Debora Di Caprio , Sofia Sironi , Fan-Yun Lan , Ramin Rostamkhani
The retention of nurses and physicians in Hospitals is a global problem affecting the healthcare system worldwide. This study focuses on the healthcare workforce retention problem considering the current situation in Taiwan. Healthcare staff in Taiwan are undergoing a critical phase, with an increasing number of experienced workers leaving their job to go to work for private organizations or as freelancers. We develop a data-driven four-phase methodology based on the design of a satisfaction index that allows to rank different groups of employees against a given set of criteria. First, criteria are identified and clustered to describe different job dimensions (phase 1). Hence, subjective evaluations of the criteria are collected from healthcare workers while experts provide pairwise comparisons among them (phase 2). An adjusted analytic hierarchy process (AHP) is used to weight the job dimensions and the criteria within each job dimension (phase 3). Finally, the satisfaction index is formalized and computed for different groups of employees (phase 4). The methodology has been implemented with data collected from healthcare workers employed in three healthcare institutions in Northern Taiwan. The proposed index represents a novel decision support tool for managers and policy makers in designing intervention strategies able to address different needs of different groups of employees. Besides, it allows for innovative applications to quality management (QM) by extending the standard QM approach to hospitals and healthcare centers far beyond the common focus on patients' satisfaction. Finally, the mathematical formulation of the index is very flexible and allows for applications to any employment sector through a variety of analyses based on different categorizations of the workers.
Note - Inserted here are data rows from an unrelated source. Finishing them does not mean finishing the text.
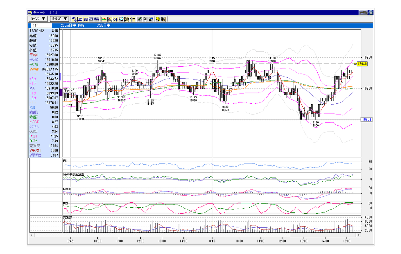 日経225先物 5分足チャート
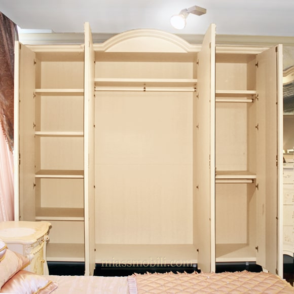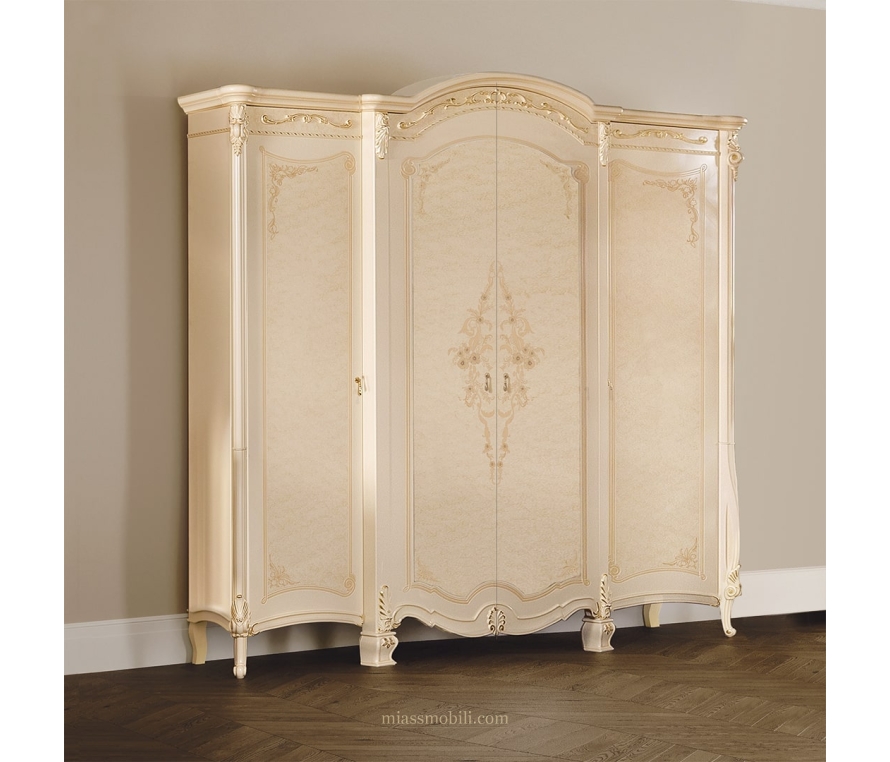 Шкаф 4-х дверный из набора мебели для спальни Престиж. Фасад украшен декоративными элементами и ручной художественной росписью. В левой части шкафа установлены четыре полки, в правой части сверху и посередине также установлены штанги c полками. В центральной части шкафа расположена полка и штанга для хранения верхней одежды.Габаритный размер указан по выступающим частям изделия.Выполняется под заказ.
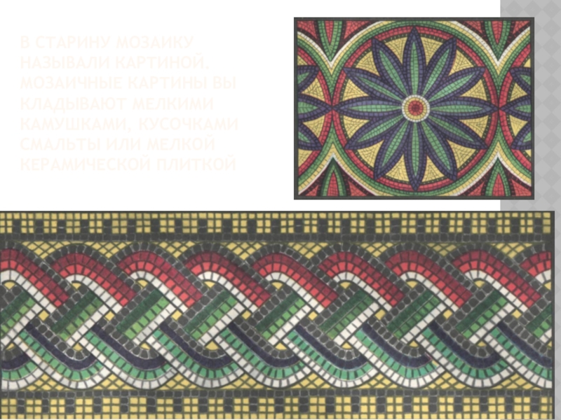 Слайд 10В старину мозаику называли картиной. Мозаичные картины выкладывают мелкими камушками, кусочками
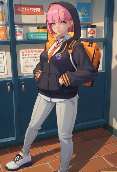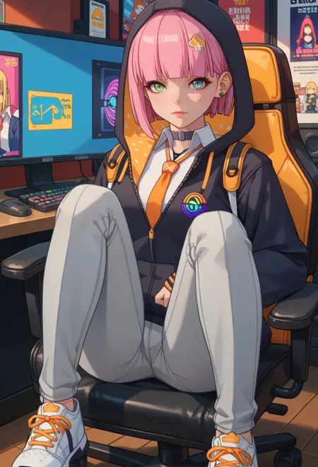 黑色项圈,黑色连帽衫,长袖,橙色领带,有领衬衫,白色衬衫,灰色裤子,鞋子,白色鞋履,拉链,拉链头,
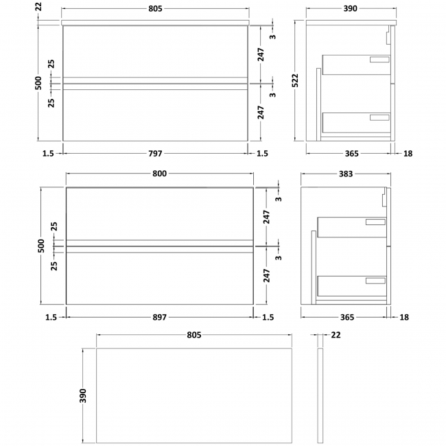 • Cabinet carcass manufactured from 18mm MFC with 18mm MDF fascias (door/drawer fronts)
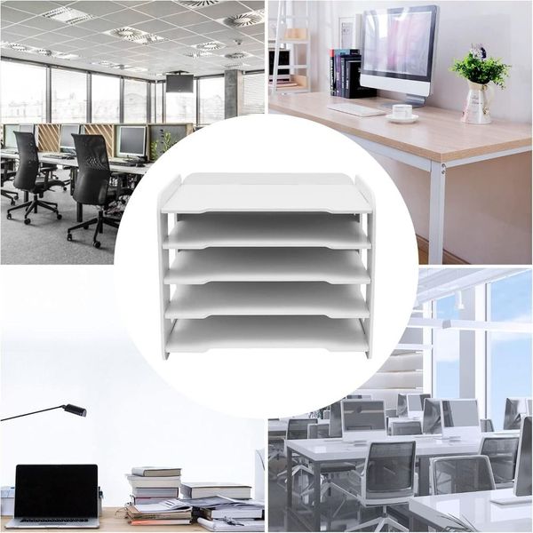 10 文件整理器 5 層木質桌面整理器 紙張存放 信件托盤 文件分類器 適用於家庭辦公室學校
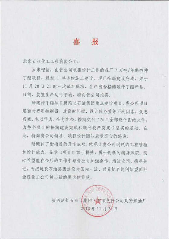 由我公司設(shè)計(jì)的陜西延長(zhǎng)石油(集團(tuán))有限責(zé)任公司延安煉油廠7萬(wàn)噸/年醋酸仲丁酯項(xiàng)目,經(jīng)過(guò)近1年的設(shè)計(jì)、采購(gòu)和施工建設(shè),整個(gè)工程已全部建設(shè)完成,2013年11月28日一次試車成功,生產(chǎn)出合格的醋酸仲丁酯產(chǎn)品,目前各裝置生產(chǎn)運(yùn)行平穩(wěn)。為此,業(yè)主單位特向我公司發(fā)來(lái)喜報(bào)。
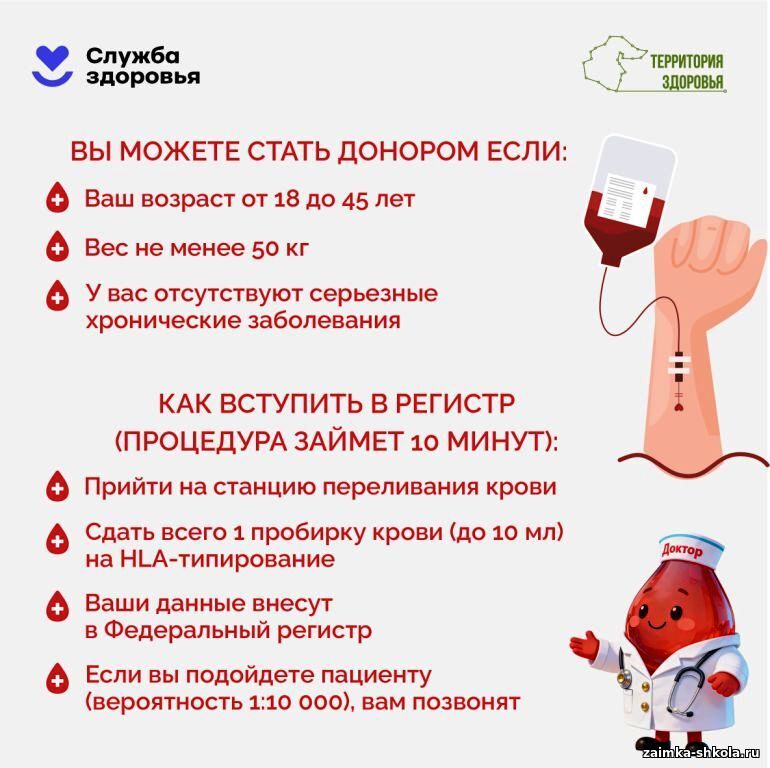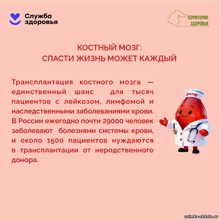 Костный мозг — это шанс на жизнь. Для многих пациентов с лейкозом пересадка костного мозга остается единственным методом лечения. Стать донором может практически любой здоровый человек от 18 до 45 лет. Для этого не нужна операция — в 90% случаев клетки забирают из вены, как при обычном донации крови.
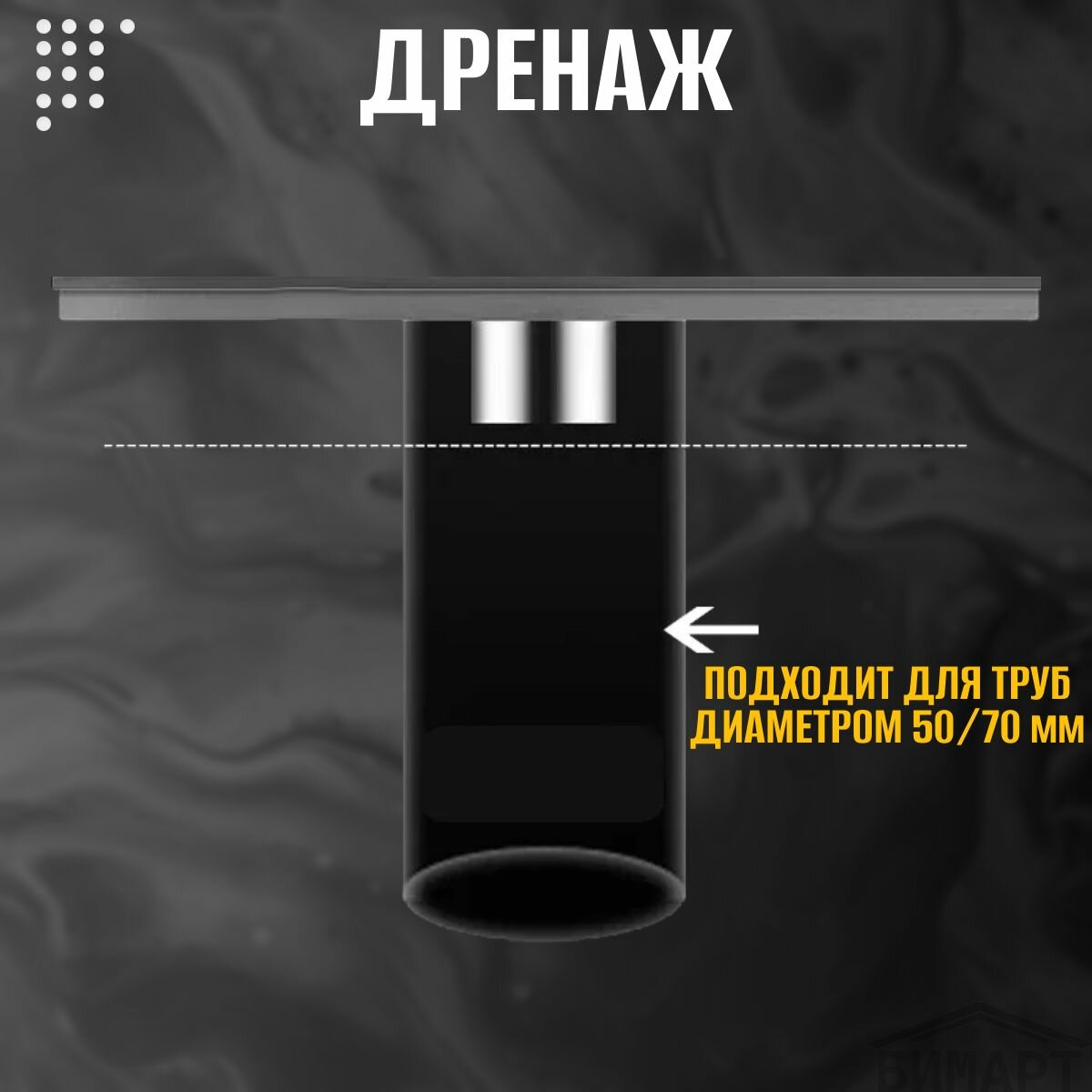 Трап линейный хром, душевой лоток с сухим затвором, 800х100мм, из нержавеющей стали, с вертикальным выходом и с зазором под плитку
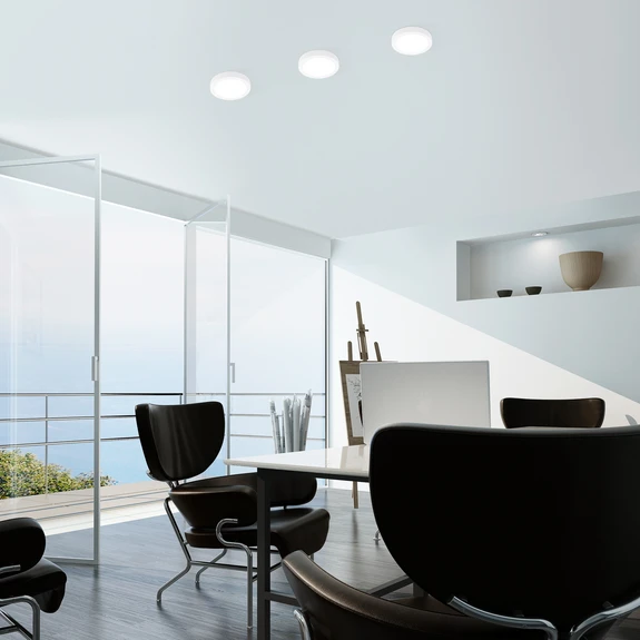 "Fueva-C" - apvalus LED lubų šviestuvas, valdomas programėle arba nuotolinio valdymo pulteliu Su "Fueva-C" LED lubų šviestuvu galima pasiekti kintamą apšvietimą įvairiomis šviesos spalvomis ir ryškumo lygiais. Jį galima valdyti išmaniuoju telefonu ar planšetiniu kompiuteriu arba nuotolinio valdymo pulteliu, naudojant programėlę, skirtą IOS ir "Android" operacinėms sistemoms. Apvalus, plokščias "Fueva Connect" LED lubų šviestuvas užtikrina baltą apšvietimą, kurį galima tolygiai reguliuoti nuo šiltai baltos (2 700 K) iki dienos šviesos (6 500 K), arba spalvotą apšvietimą vienu iš daugiau kaip 16 milijonų skirtingų spalvų niuansų. Nepriklausomai nuo pasirinktos šviesos spalvos, šviesą galima tolygiai pritemdyti kiekviename nustatyme. Šviesą galima valdyti net keliaujant namuose. Kurti ir išsaugoti savo šviesos kūrinius, jungti atskirus šviestuvus į grupes, keisti spalvas skirtingu greičiu - tai ir dar daugiau galima su "Fueva Connect" LED lubų šviestuvu per atsisiųstą programėlę išmaniuoju telefonu arba planšetiniu kompiuteriu. Apvalų paviršinį LED šviestuvą, pagamintą iš lieto metalo su satinuotu plastikiniu difuzoriumi, galima integruoti į beveik bet kokią kambario koncepciją. Kaip priedą galima užsisakyti nuotolinio valdymo pultelį, skirtą alternatyviam valdymui be išmaniojo telefono arba planšetinio kompiuterio. Net ir tokiu būdu valdant galima pasirinkti įvairias baltos ir spalvotos šviesos spalvas, tolygiai reguliuoti ryškumą, nustatyti spalvų perėjimus ir greičius arba pasirinkti išsaugotus mėgstamiausius. Nuotolinio valdymo pultas taip pat gali būti integruotas į programą kaip grupė, kurioje galima laisvai apibrėžti grupę (atskirus šviestuvus arba patalpas).

护士和医生在医院的保留是一个全球性的问题,影响全球医疗保健系统。本研究针对目前台湾医疗保健人力保留问题进行研究。台湾的医护人员正处于一个关键阶段,越来越多有经验的医护人员离开工作岗位,去私人机构工作或成为自由职业者。我们开发了一种基于满意度指数设计的数据驱动的四阶段方法,该指数允许根据给定的一组标准对不同组的员工进行排名。首先,确定标准并将其聚类以描述不同的工作维度(阶段1)。因此,从卫生保健工作者那里收集对标准的主观评价,而专家在他们之间进行两两比较(阶段2)。采用调整后的层次分析法(AHP)对工作维度和每个工作维度内的标准进行加权(阶段3)。最后,对不同员工群体的满意度指数进行形式化和计算(阶段4)。本研究以台湾北部三所医疗机构的医护人员为研究对象。该指标为管理者和政策制定者设计干预策略提供了一种新的决策支持工具,能够满足不同员工群体的不同需求。此外,通过将标准质量管理方法扩展到医院和医疗保健中心,它允许质量管理(QM)的创新应用程序,远远超出了对患者满意度的通常关注。最后,该指数的数学公式非常灵活,并允许通过基于不同类别的工人的各种分析应用于任何就业部门。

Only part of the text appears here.